The director and writers shot this under the working title Lies for Rent, which would have been more haunting and a better reflection of what the movie is about, though they also did their work so sloppily they might as well have called it Loose Ends for Rent — and the final shot, which is a close-up of Miles in the woods near Diane’s house having come to and successfully escaped, though he’s still in the neighborhood and there’s a chance the police will arrest him (but maybe they won’t and he’ll get away and pull a similar scam somewhere else), is an annoying non-ending all too much of a piece with what’s gone before it. Lifetime did the filmmakers no favors by giving it such a sensationalistic title as Psycho Escort — one would expect that to be a film about an escort who keeps knocking off his or her customers because they don’t want a permanent relationship from him — which sets up sensationalistic expectations the film as it stands doesn’t even try to fulfill.
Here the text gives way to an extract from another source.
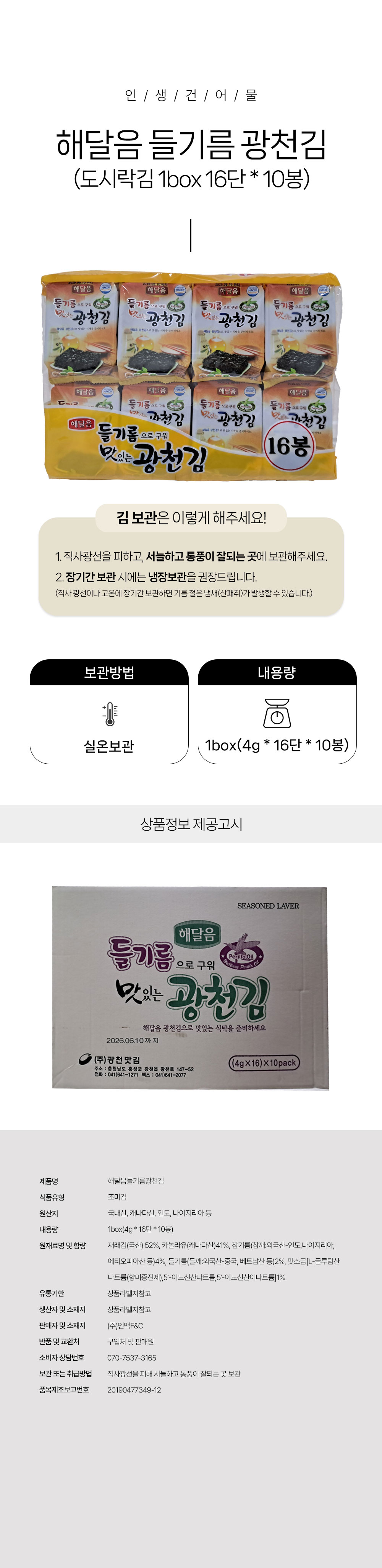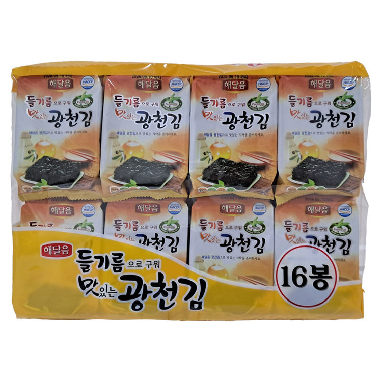 [박스무배] 해달음 들기름 광천김 도시락김 1box(4g*16단*10봉)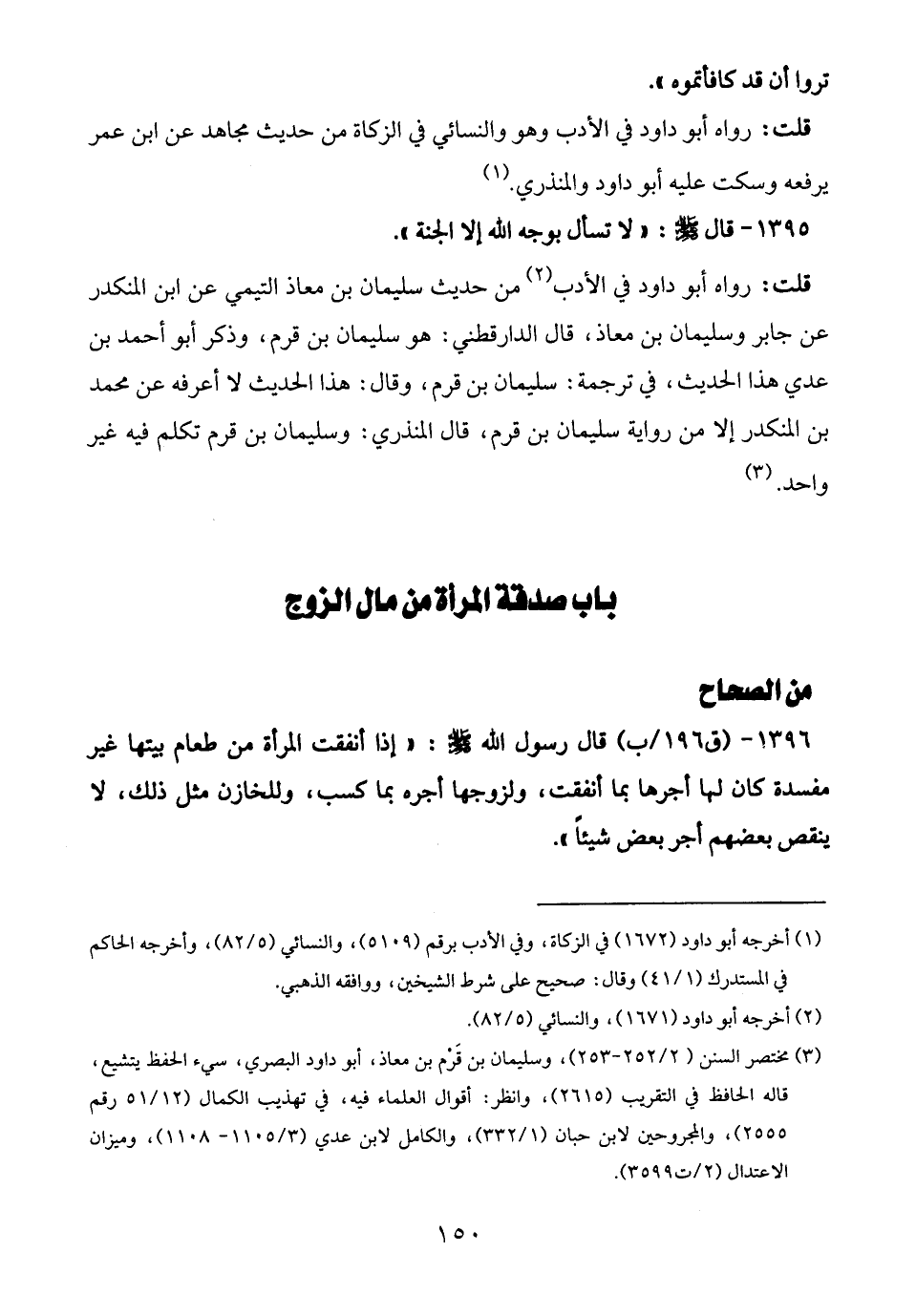 (¬3) مختصر السنن (2/ 252 - 253)، وسليمان بن قَرْم بن معاذ، أبو داود البصري، سيء الحفظ يتشيع، قاله الحافظ في التقريب (2615)، وانظر: أقوال العلماء فيه، في تهذيب الكمال (12/ 51 رقم 2555) والمجروحين لابن حبان (1/ 332)، والكامل لابن عدي (3/ 1105 - 1108)، وميزان الاعتدال (2/ ت 3599).

This isn’t an unusually good Lifetime movie and it isn’t a so-bad-it’s-good camp classic like Deadly Mile High Club, either; it’s just mediocre and dull, and while better actors in the leads might have helped — Victoria Barabas never grabs the contradictions in Diane’s character and Nick Ballard never convinces us (the way Anthony Perkins did in Hitchcock’s Psycho, the film that set the template for the killer underneath) that he’s got demons lurking under his nice exterior. If a scene calls on him to be nice, he plays it that way; if he’s called on to be mean, he does that; but he never makes Miles (or Peter, or whatever his name is) come to life as a consistent character.